Keeping pictures out, repeat the lines of the listing below exactly, starting at its first line and finishing with the one that holds "8月31日下午,盛世芳庭項目".

> _Recorded information_
┄┄┄┄┄┄┄┄┄┄

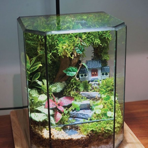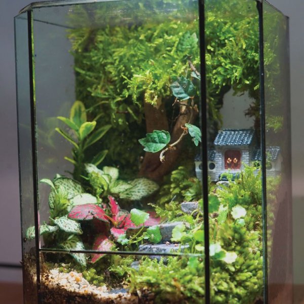 Thực vật: 4-10 loại rêu hiếm tuỳ vào vụ mùa, Dương xỉ Davalia hoặc Dương xỉ lá me, dây leo mini, có thể mix thêm cây màu sắc khác tuỳ ý.
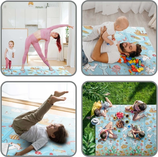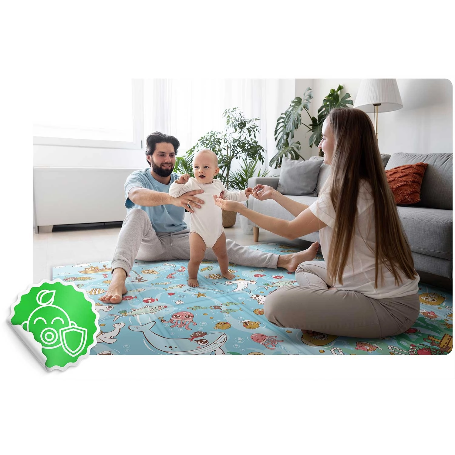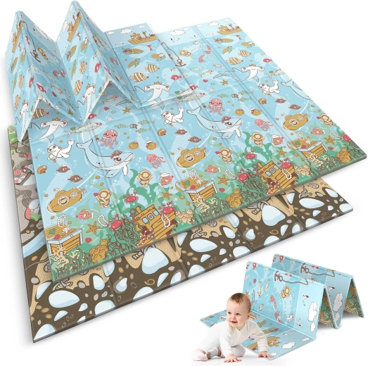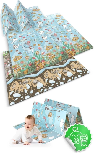 Duża składana piankowa mata NUKIDO o wymiarach 200 × 180 × 1 cm zapewni dzieciom maksymalny komfort i bezpieczeństwo podczas zabawy i pierwszych kroków. Jest dwustronna (motyw oceanu i lasu), wodoodporna, łatwa w czyszczeniu, a dzięki 1 cm grubości z pianki XPE doskonale amortyzuje uderzenia. Ma antypoślizgową powierzchnię, nie zawiera BPA, PVC, ftalanów ani formamidu i spełnia europejskie normy bezpieczeństwa, w tym EN71 oraz oznaczenie CE.
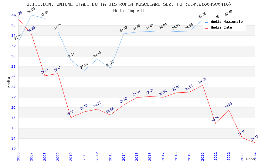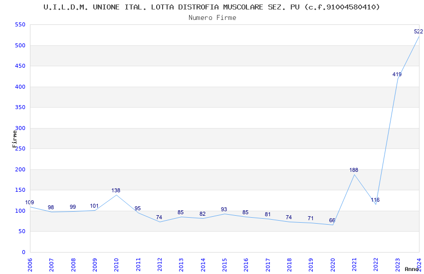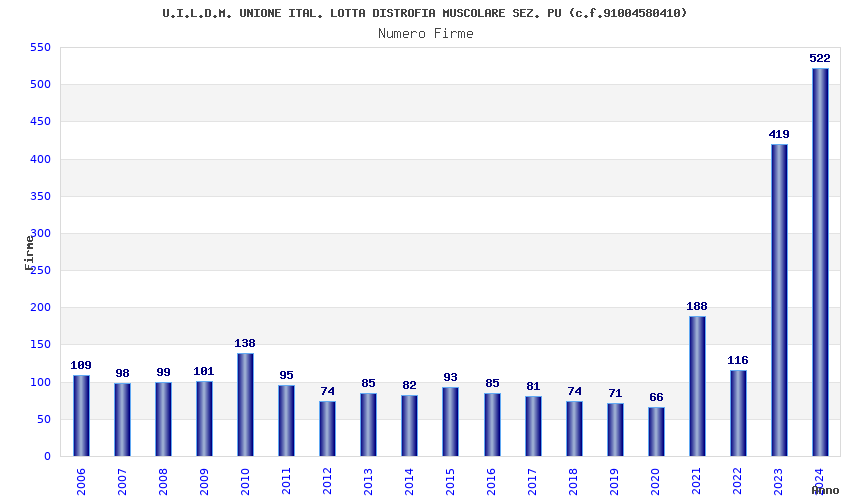 | Anno | Firme | Importi | Media | Naz. | Reg. | Prov. | Comu. |
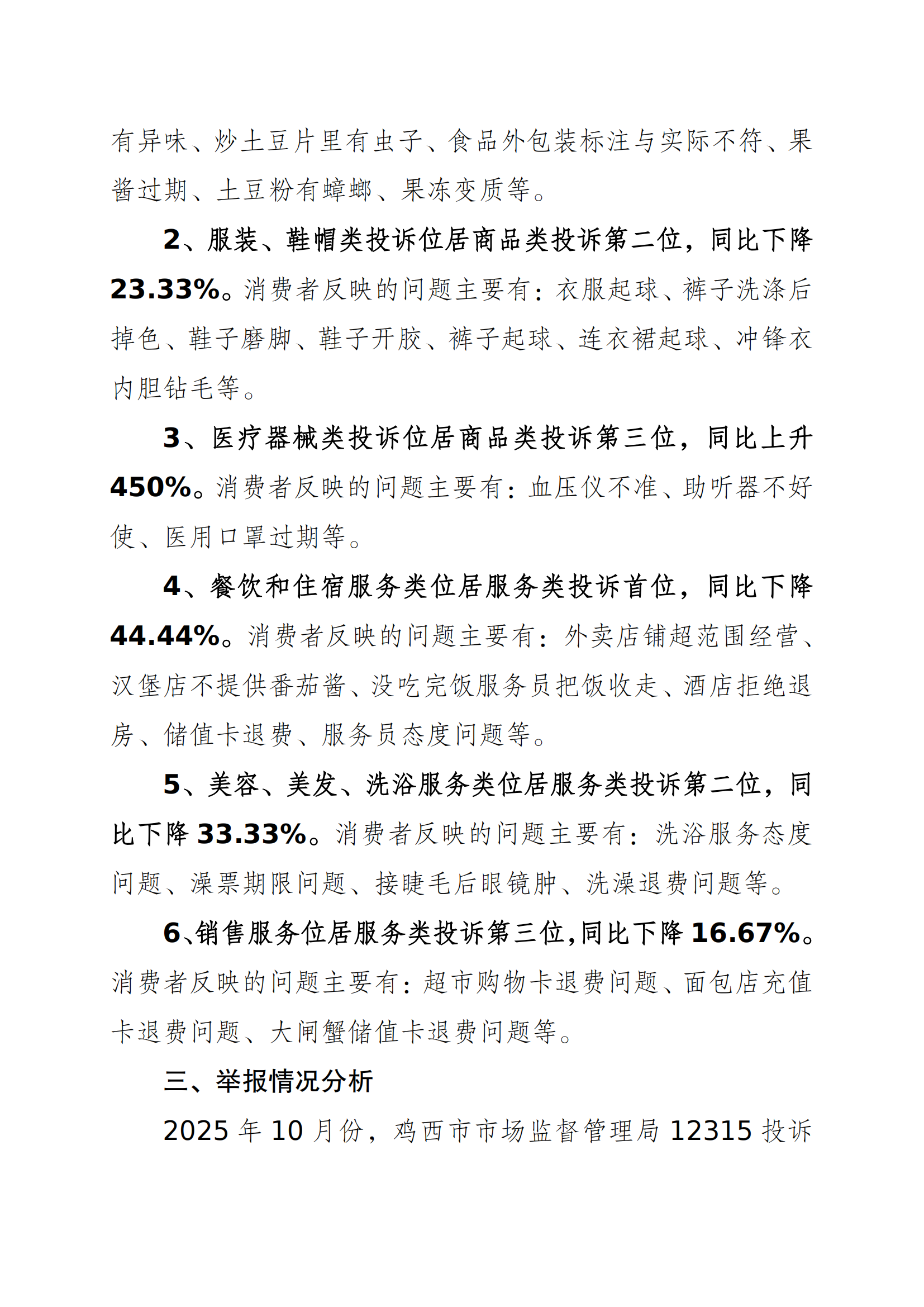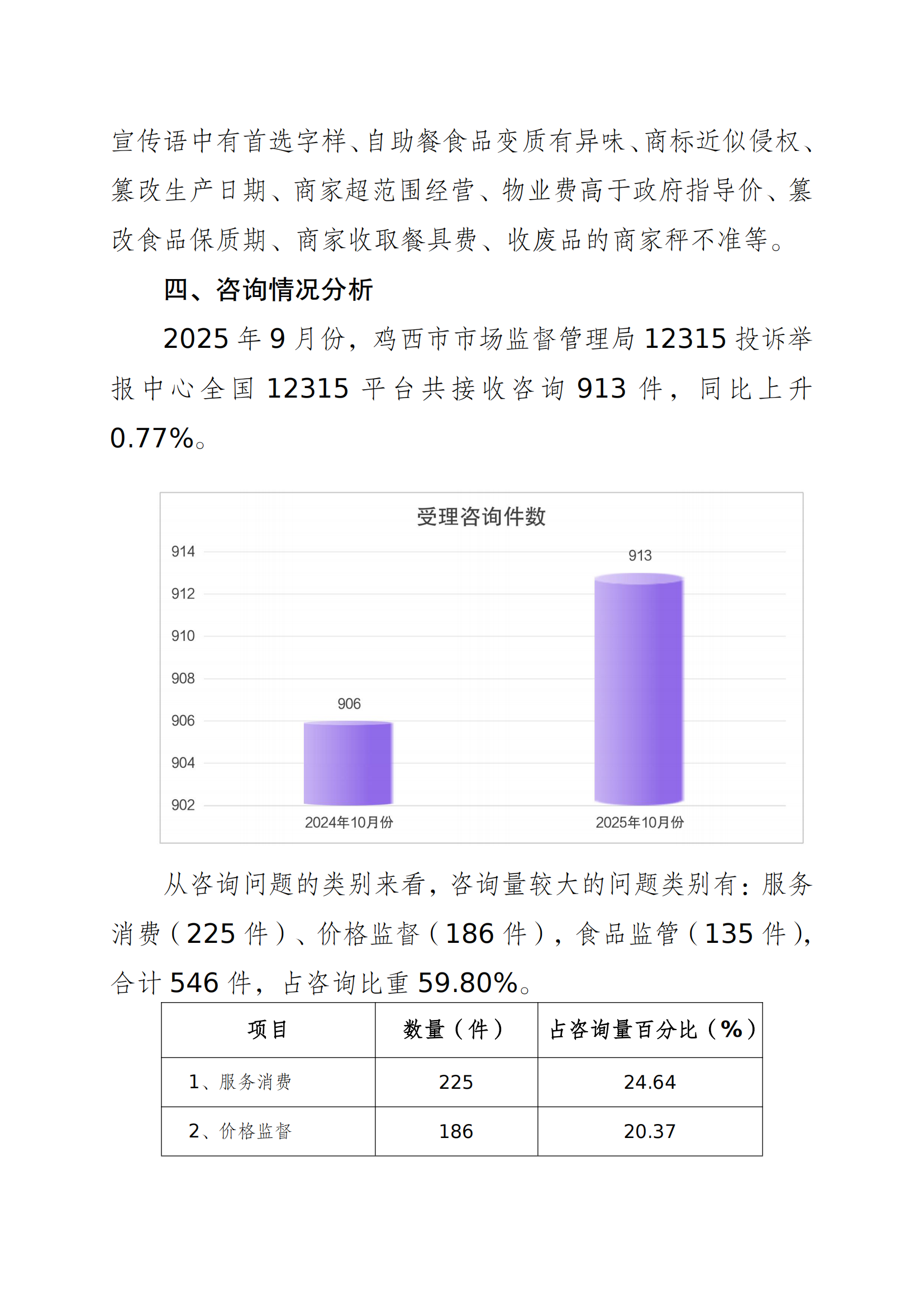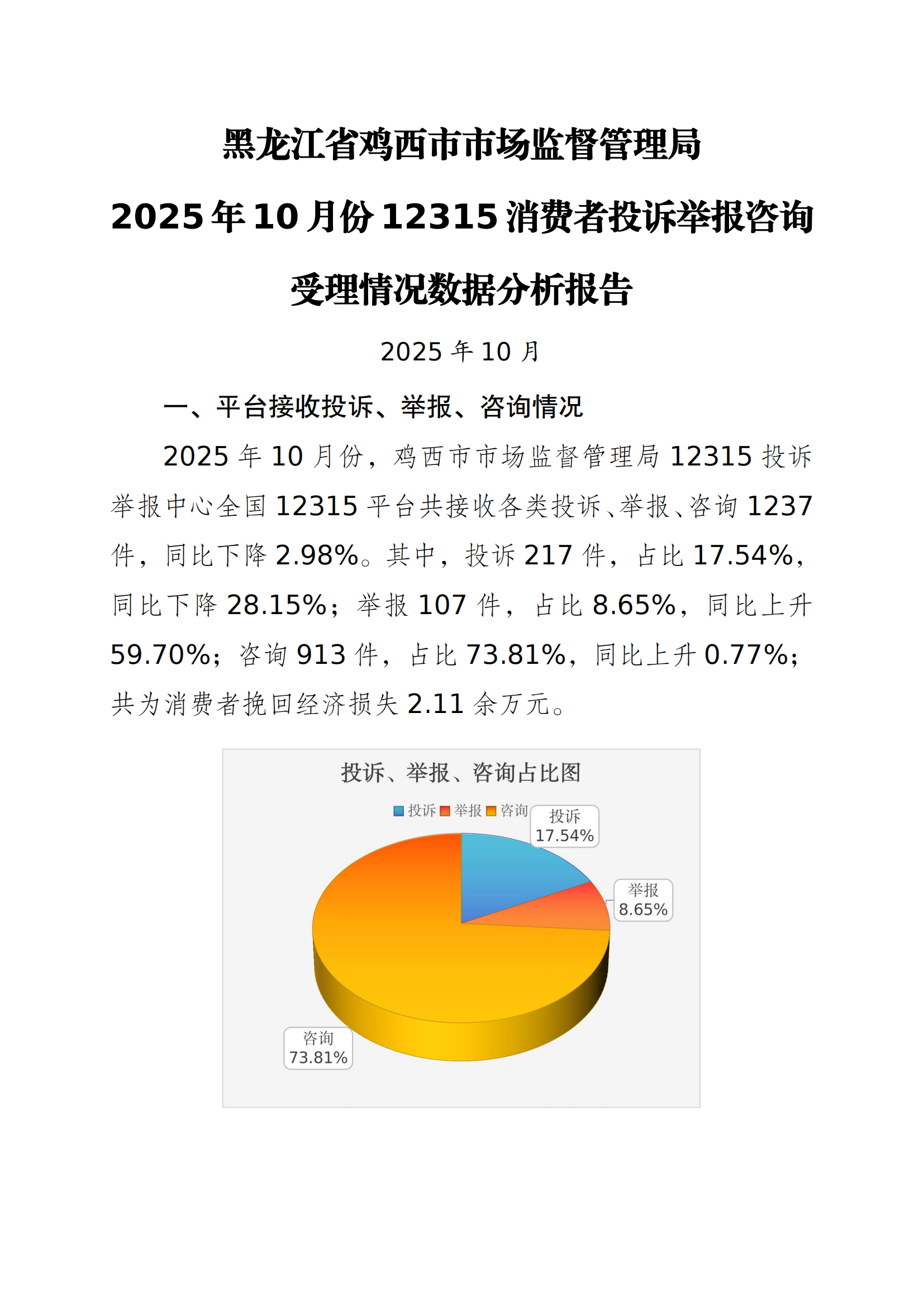 鸡西市市场监督管理局2025年10月份12315消费者投诉举报咨询数据分析报告
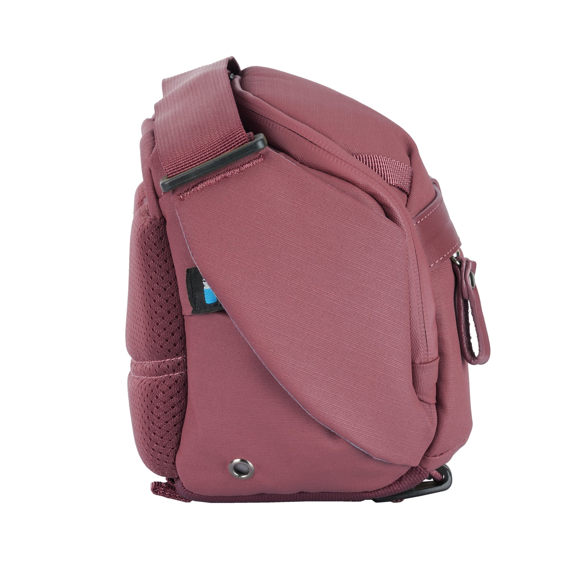 The shoulder bag includes multiple storage pockets. On the left side (as the bag faces you) there is a water bottle pocket stashed away. Sealed pockets on the inside of the top flap for SD cards and accessories, while the sealed pockets on the outside of the top flap and on the front of the shoulder bag can be used for other items.
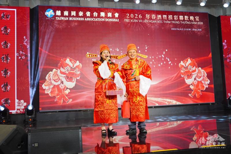 同奈臺灣商會3月20日舉辦「2026年春酒暨摸彩聯歡晚宴」,駐越南代表處大使劉世忠、前海基會秘書長高建智、駐胡志明市辦事處處長韓國耀偕僑務組組長文君妃、秘書陳珮語及辦事處同仁,僑務委員蔡文瑞、謝明輝、吳明穎、林淑莉、世界臺灣商會聯合總會名譽總會長李天柒、越南臺商總會總會長洪志華等,超過500位會員及僑界人士見證同奈臺商的凝聚力與發展成果。
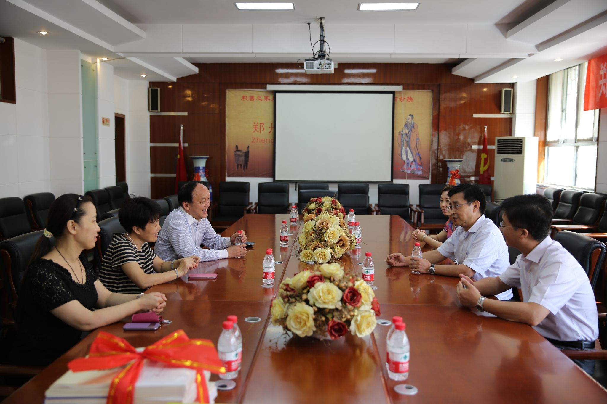 在第三十个教师节来临之际,校长赵健、副校长王北生、张建航在党政办、教务处负责同志的陪同下,分别来到河南省实验中学和我校附属小学、附属中学(郑州市第7中学)、附属外国语中学(郑州市第77中学)、附属实验中学(郑州市第79中学)等中小学,慰问广大教师向大家致以节日的问候,并向各附属中小学赠送了书籍等节日礼物。
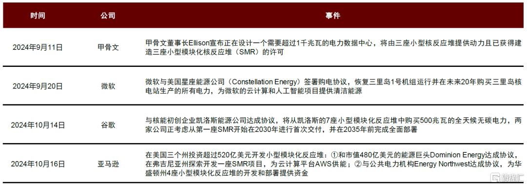 对比传统火电和风光等新能源发电,核电具有低碳安全、稳定性强、能量密度大、长期运行成本低的综合优势,是为AI数据供能的合适选择。2024年9月,微软与能源公司Constellation宣布合作计划,规划重启三里岛核电站1号机组为数据中心提供电力[11],反映了科技巨头开始着手核电布局。
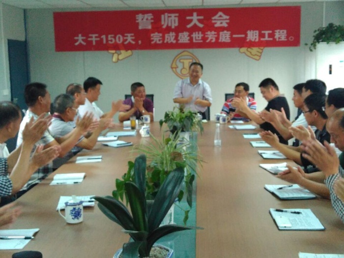 8月31日下午,盛世芳庭項目部在工地會議室舉行“大干150天誓師大會”,江蘇華建常務副總經...
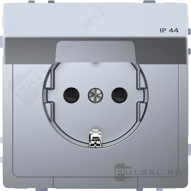 Розетка D-Life, со шторками, с крышкой, с заземлением, одинарная, безвинтовые клеммы, цвет - нержавеющая сталь
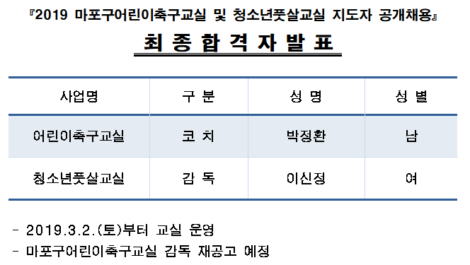 2019 마포구어린이축구교실 및 청소년풋살교실 지도자 최종합격자 발표
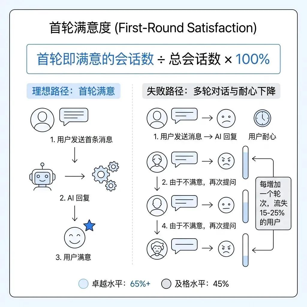 在传统搜索引擎时代,用户已经被训练成了一种习惯:输入关键词、0.3 秒出结果列表、快速扫描找到目标。AI 对话产品天然继承了这种即时期待。用户第一轮提问时的容忍窗口极短,如果 AI 的首轮回答不着边际或者需要追问才能理解用户意图,好感度会断崖式下跌。这个指标直接衡量的就是系统在首次交互中一击命中的能力。
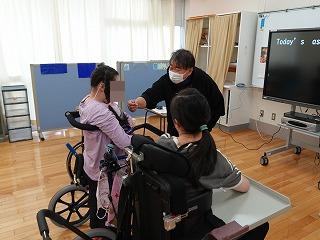 高等部の生徒が校長室へ来て、「こっている所はありませんか?」と聞いてくれました。「肩がこっています。」と答えると、肩のマッサージをしてくれました。ずいぶん楽になりました。ありがとう!
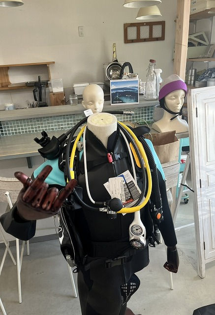 マネキンに器材やスーツを着せてみたり。
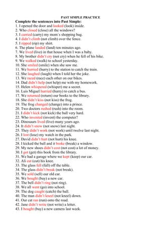 The document provides a practice exercise for using the past simple and past continuous tenses in English. It contains 50 sentences to be completed in the past simple tense and another 50 to be completed in the past continuous tense related to various everyday activities and events. The purpose is to practice conjugating different verbs into the appropriate past tense forms.
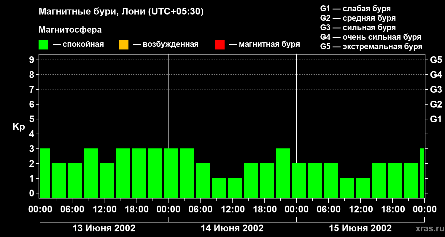 Изменения геомагнитного индекса Kp с 13 по 15 июня 2002 года для средних широт
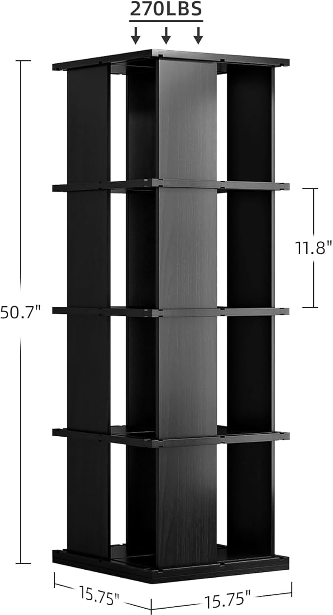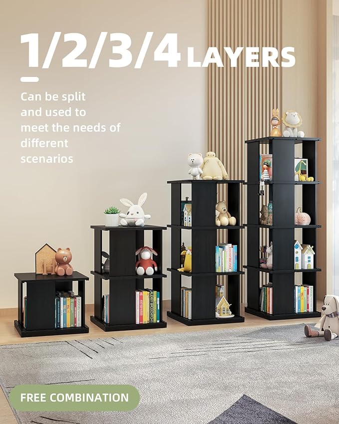 Rotating Bookshelf, 4-Shelf 360° Solid Wood Book shelf Tower, Stackable Revolving Bookcase Organizer for Living Room, Bedroom, Study(Black)
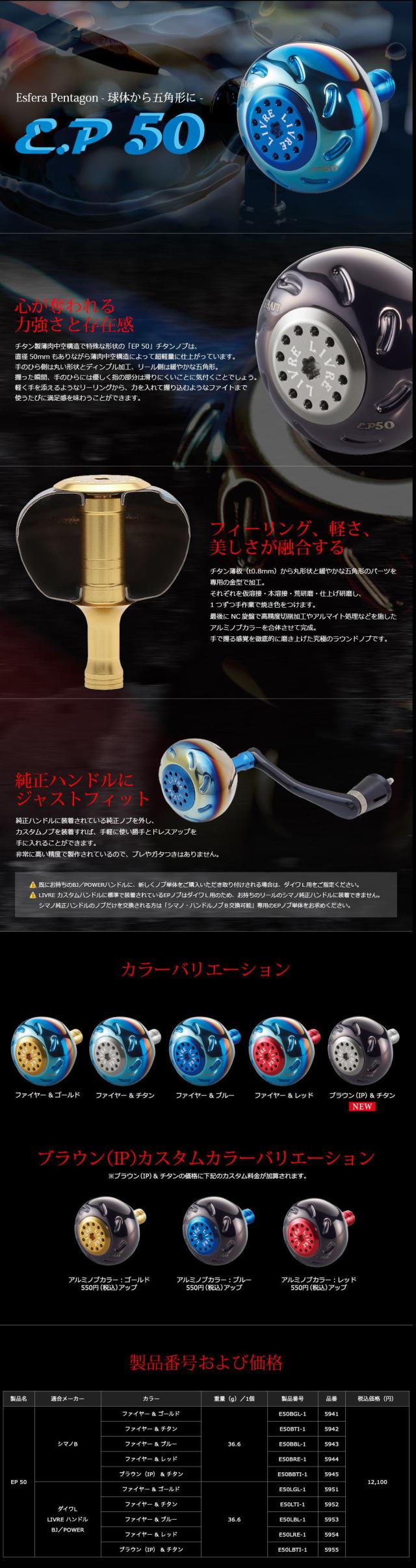 ※LIVREカスタムハンドルに標準で装着されているEPノブはダイワL用のため、シマノ純正ハンドルには取り付けできません。

┄┄┄┄┄┄┄┄┄┄

> _Response area_
 Thực vật: 4-10 loại rêu hiếm tuỳ vào vụ mùa, Dương xỉ Davalia hoặc Dương xỉ lá me, dây leo mini, có thể mix thêm cây màu sắc khác tuỳ ý.
 Duża składana piankowa mata NUKIDO o wymiarach 200 × 180 × 1 cm zapewni dzieciom maksymalny komfort i bezpieczeństwo podczas zabawy i pierwszych kroków. Jest dwustronna (motyw oceanu i lasu), wodoodporna, łatwa w czyszczeniu, a dzięki 1 cm grubości z pianki XPE doskonale amortyzuje uderzenia. Ma antypoślizgową powierzchnię, nie zawiera BPA, PVC, ftalanów ani formamidu i spełnia europejskie normy bezpieczeństwa, w tym EN71 oraz oznaczenie CE.
 | Anno | Firme | Importi | Media | Naz. | Reg. | Prov. | Comu. |
 鸡西市市场监督管理局2025年10月份12315消费者投诉举报咨询数据分析报告
 The shoulder bag includes multiple storage pockets. On the left side (as the bag faces you) there is a water bottle pocket stashed away. Sealed pockets on the inside of the top flap for SD cards and accessories, while the sealed pockets on the outside of the top flap and on the front of the shoulder bag can be used for other items.
 同奈臺灣商會3月20日舉辦「2026年春酒暨摸彩聯歡晚宴」,駐越南代表處大使劉世忠、前海基會秘書長高建智、駐胡志明市辦事處處長韓國耀偕僑務組組長文君妃、秘書陳珮語及辦事處同仁,僑務委員蔡文瑞、謝明輝、吳明穎、林淑莉、世界臺灣商會聯合總會名譽總會長李天柒、越南臺商總會總會長洪志華等,超過500位會員及僑界人士見證同奈臺商的凝聚力與發展成果。
 在第三十个教师节来临之际,校长赵健、副校长王北生、张建航在党政办、教务处负责同志的陪同下,分别来到河南省实验中学和我校附属小学、附属中学(郑州市第7中学)、附属外国语中学(郑州市第77中学)、附属实验中学(郑州市第79中学)等中小学,慰问广大教师向大家致以节日的问候,并向各附属中小学赠送了书籍等节日礼物。
 对比传统火电和风光等新能源发电,核电具有低碳安全、稳定性强、能量密度大、长期运行成本低的综合优势,是为AI数据供能的合适选择。2024年9月,微软与能源公司Constellation宣布合作计划,规划重启三里岛核电站1号机组为数据中心提供电力[11],反映了科技巨头开始着手核电布局。
 8月31日下午,盛世芳庭項目部在工地會議室舉行“大干150天誓師大會”,江蘇華建常務副總經...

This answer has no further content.